Elastix realizes this vision by providing solutions to reduce power, increase performance and improve robustness of a circuit under varying operating conditions. It is based on a proprietary technology that enables the circuit to keep track of its variability and let it approach its natural working frequency. The technology can be applied with a design flow and tool set that is practically identical to the one used for synchronous circuits. Starting from the layout of a synchronous circuit, the resulting circuit will resemble the original one, with the inclusion of a few incremental changes that will incorporate elasticity in the clock, and be guaranteed to be functionally equivalent to the original version.
Elastic clocks run at their natural heart rate
Some of the variability factors of a circuit are random. For
example, the dopant concentration at every transistor channel may vary from
transistor to transistor regardless of their location. However, a significant
part of the variability exhibits spatial correlation. For example, the temperature
affects homogeneously those transistors that are nearby in large regions of the
die. Likewise, voltage variations affect in a similar way those transistors
that have local proximity, since they often share a power supply branch.
If the frequency of a circuit could be dynamically adapted,
it would be ideally possible to find the optimal clock period for every cycle
given the process variations and the current voltage and temperature conditions.
We will refer to this optimal frequency as the natural frequency of the
circuit. Elastix provides a technology that enables every circuit to approach
its natural frequency at every clock cycle. This technology is based on the
concept of Elastic Clocks.
Elastic Clocks greatly rely on spatial correlation to
provide an efficient solution. In its simplest view, an Elastic Clock can be
contemplated as an adaptable oscillator with local proximity to the critical
paths and with a period that closely matches the delay of the circuit at every
cycle.
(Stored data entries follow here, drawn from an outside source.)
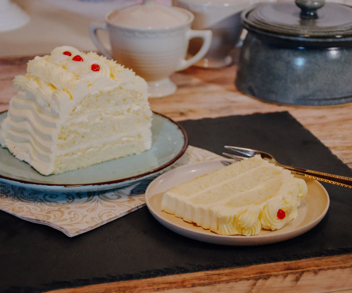 Vanille-Buttercreme zwischen lockeren Biskuitböden
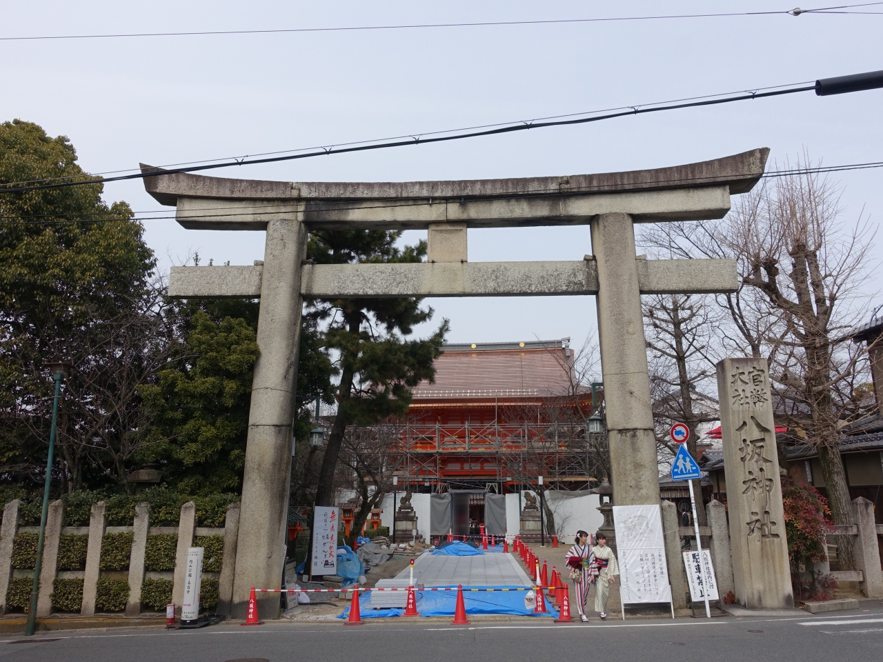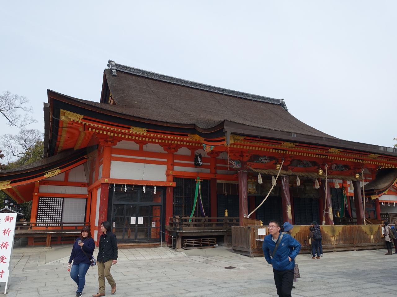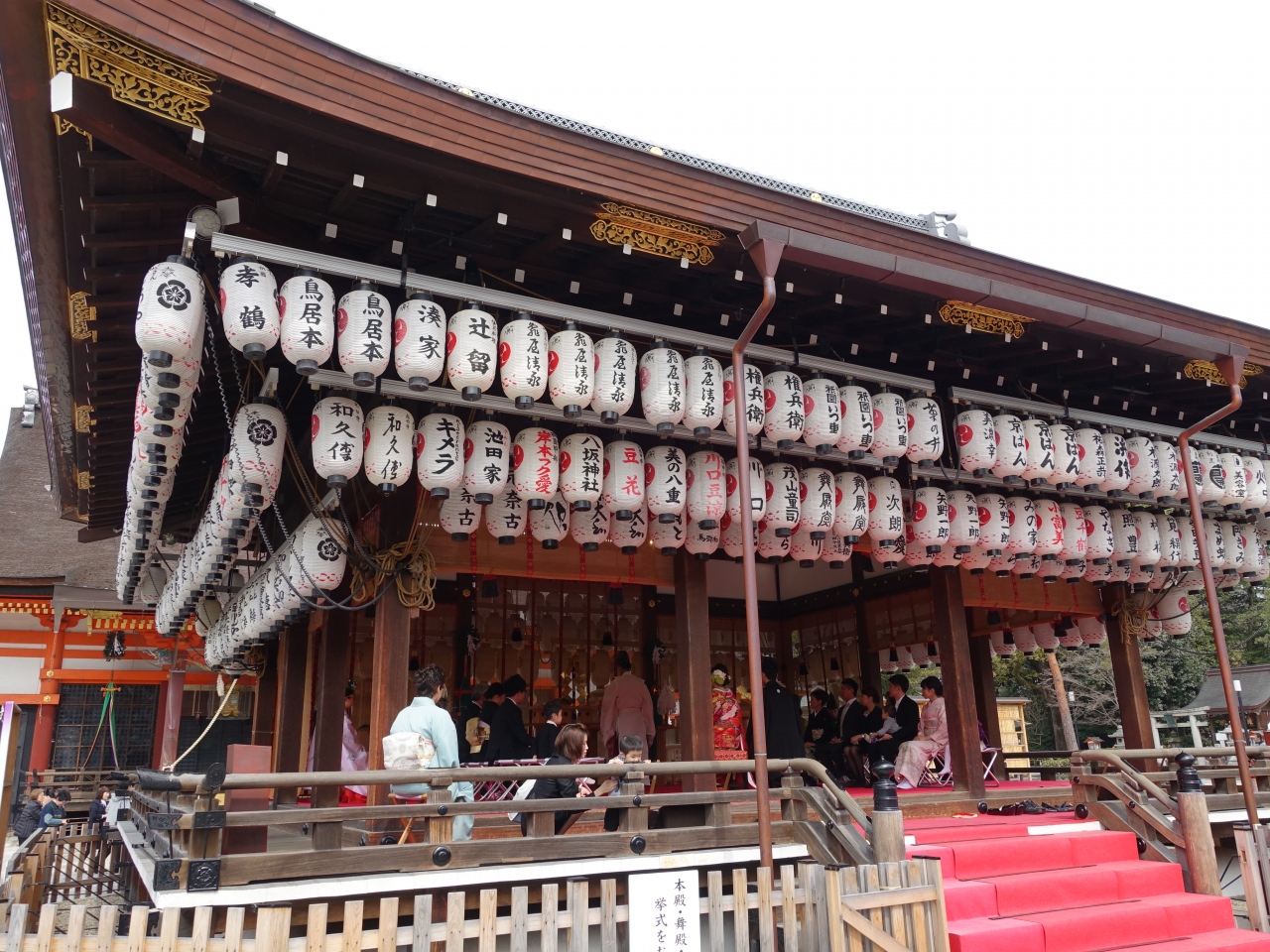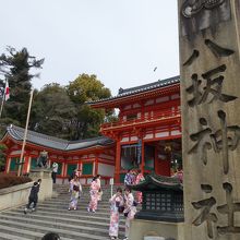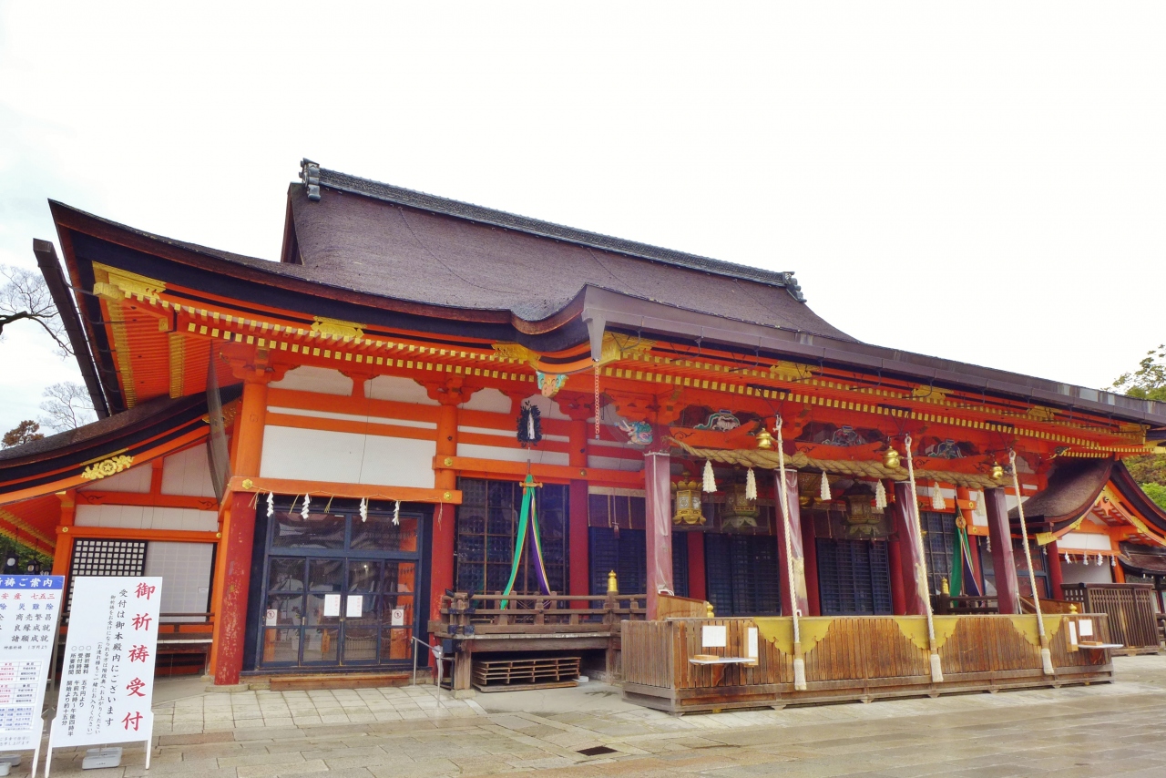 牛頭天王を祀っているようです。 基本的には疫病退散の神社ですが、美人祈願や縁結び、さらには商売繁盛の恵比須様も祀られてい... 続きを読むました。歴史の重みある大絵馬を掲げ、訪れる参拝客を出迎えます。 四条通の突き当りに大きな門がある他、境内南側にも門が据えられていました。円山公園にも隣接しており、多くの人でごった返していました。 閉じる
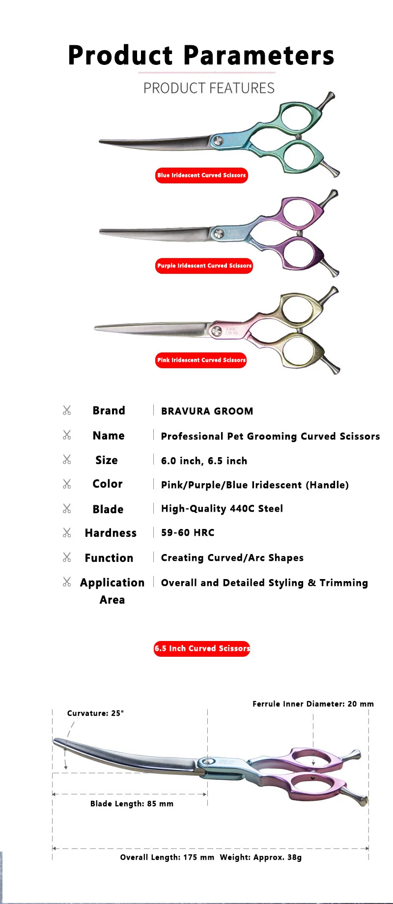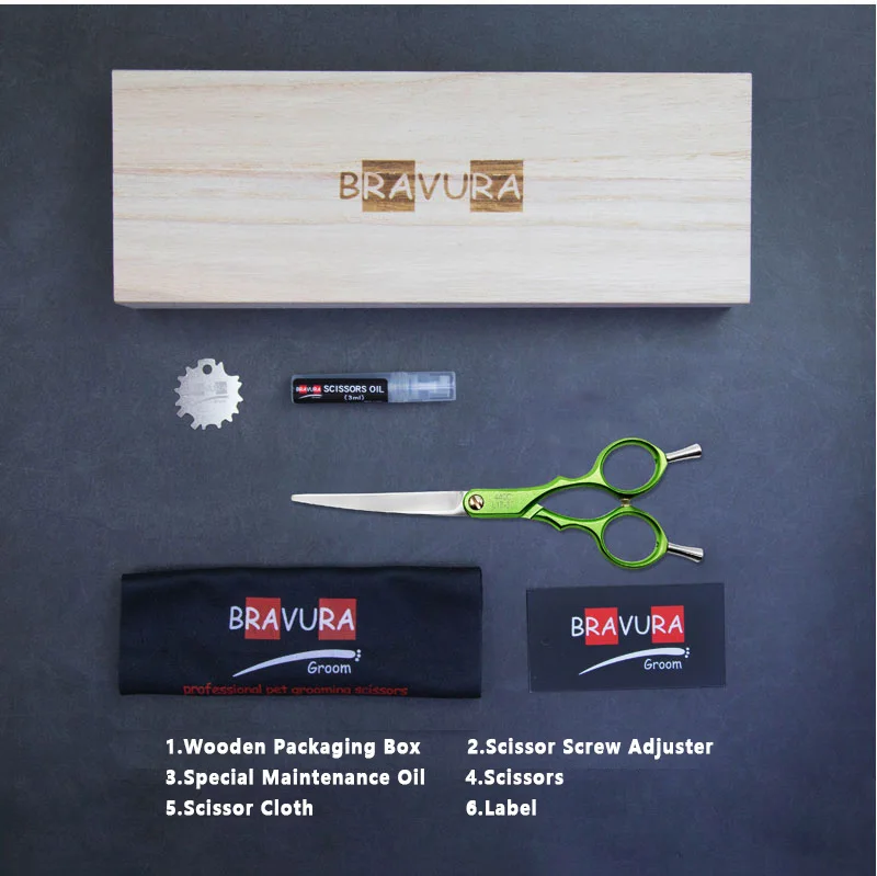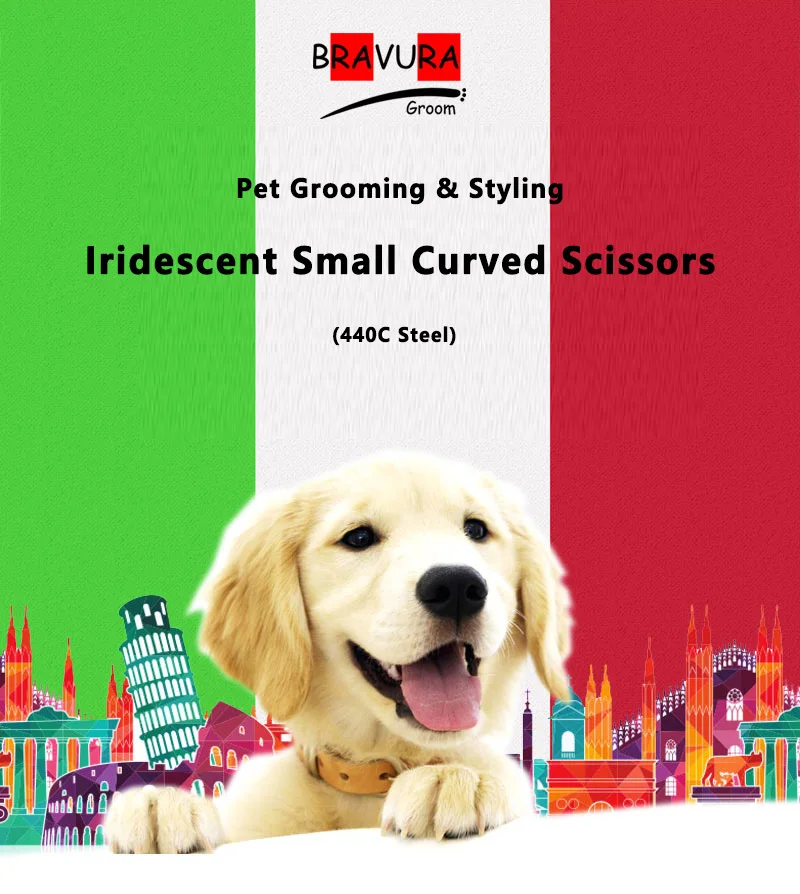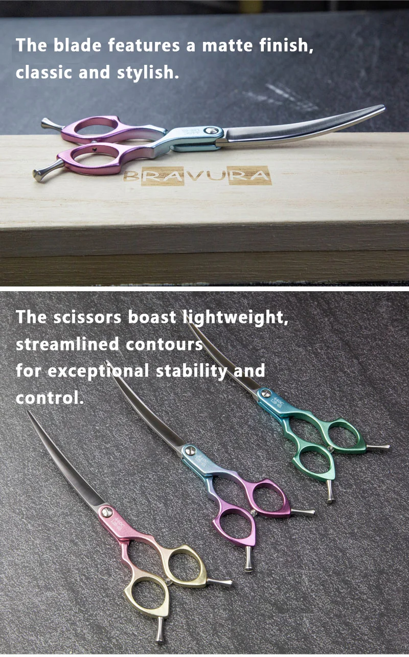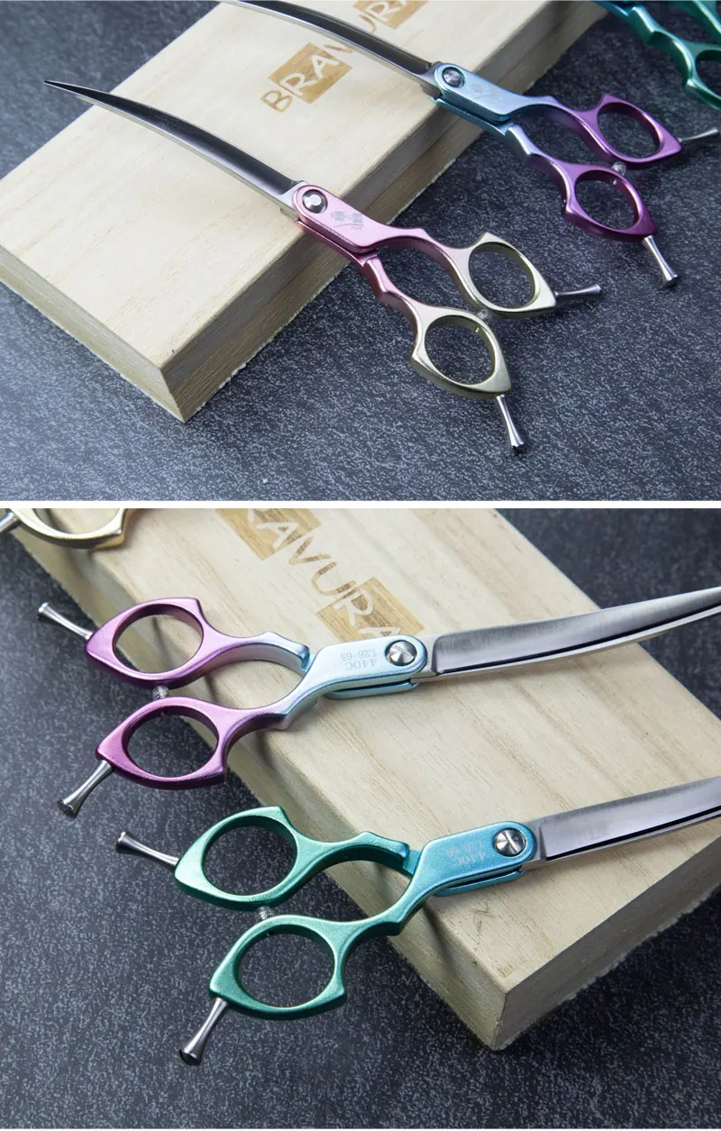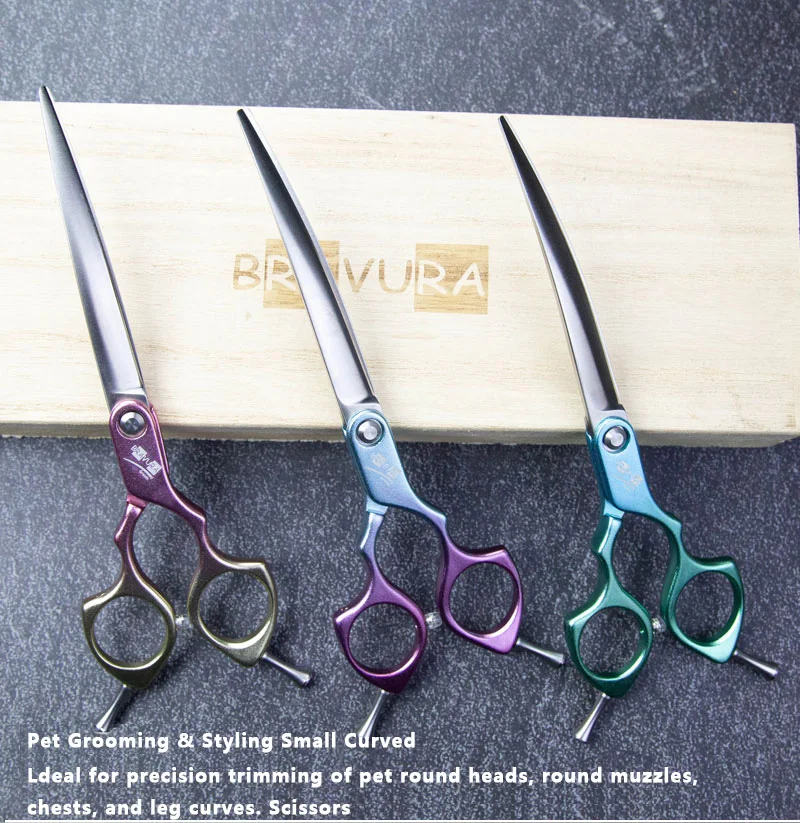 Bravura 440C 6.5-inch Colorful Pet Grooming Curved Scissors - Ultra-Light for Dog Face Trimming
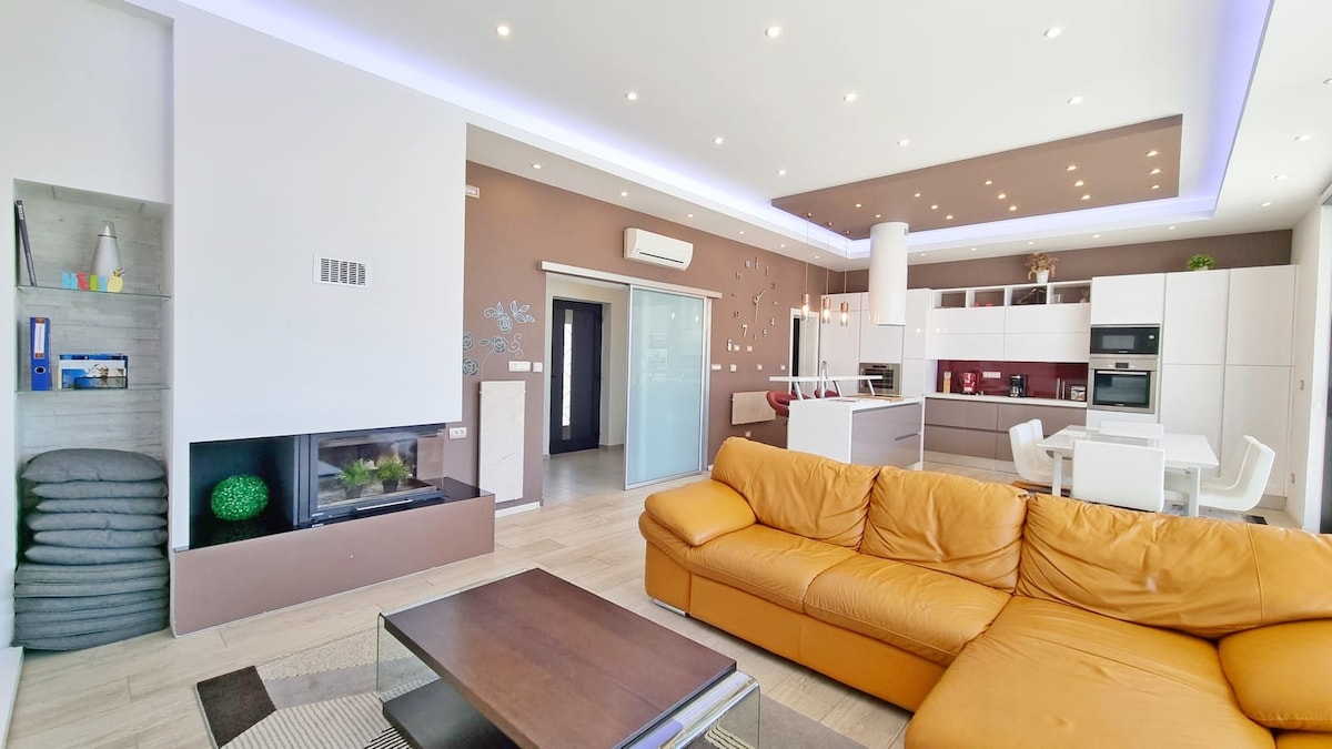 Esta villa está rodeada de vegetación y ofrece una vista impresionante del mar Adriático. La piscina de 50 m² está llena de agua salada. En la planta baja tiene una cocina totalmente equipada, sala de estar y dos dormitorios con baños. La sala de estar conduce a una hermosa terraza. También hay una cocina de verano y una zona de barbacoa. En el primer piso hay un dormitorio con baño, una sauna y un vestidor. También tiene una galería con máquinas de ejercicio y futbolín. La villa ofrece dos plazas de garaje.

Thus, the margins to ensure a safe operation can be reduced and the
clock period can be dynamically adjusted to highly mitigate the waste of
performance and power.
On the contrary, the conventional rigid clocks are generated
by electronic oscillators regulated by external quartz crystals that are
unaware of the internal variability of the circuit. This is the reason why
overly conservative guard margins must be added to the clock period to cover
the circuit delays under any operating conditions.
Elastic Clocks trigger the activity of elastic modules.
However, these modules cannot be considered in isolation. They must communicate
with their neighborhood in a reliable way. Elastix provides the technology that
enables the elastic modules to communicate consistently with their environment.
Elastic handshakes harmonize the communication between modules
An elastic system may be composed of several elastic modules
that need to communicate to each other, e.g., execution unit, floating-point
unit, instruction memory, etc. For tracking variability and increasing the
local proximity, each module may have its own Elastic Clock.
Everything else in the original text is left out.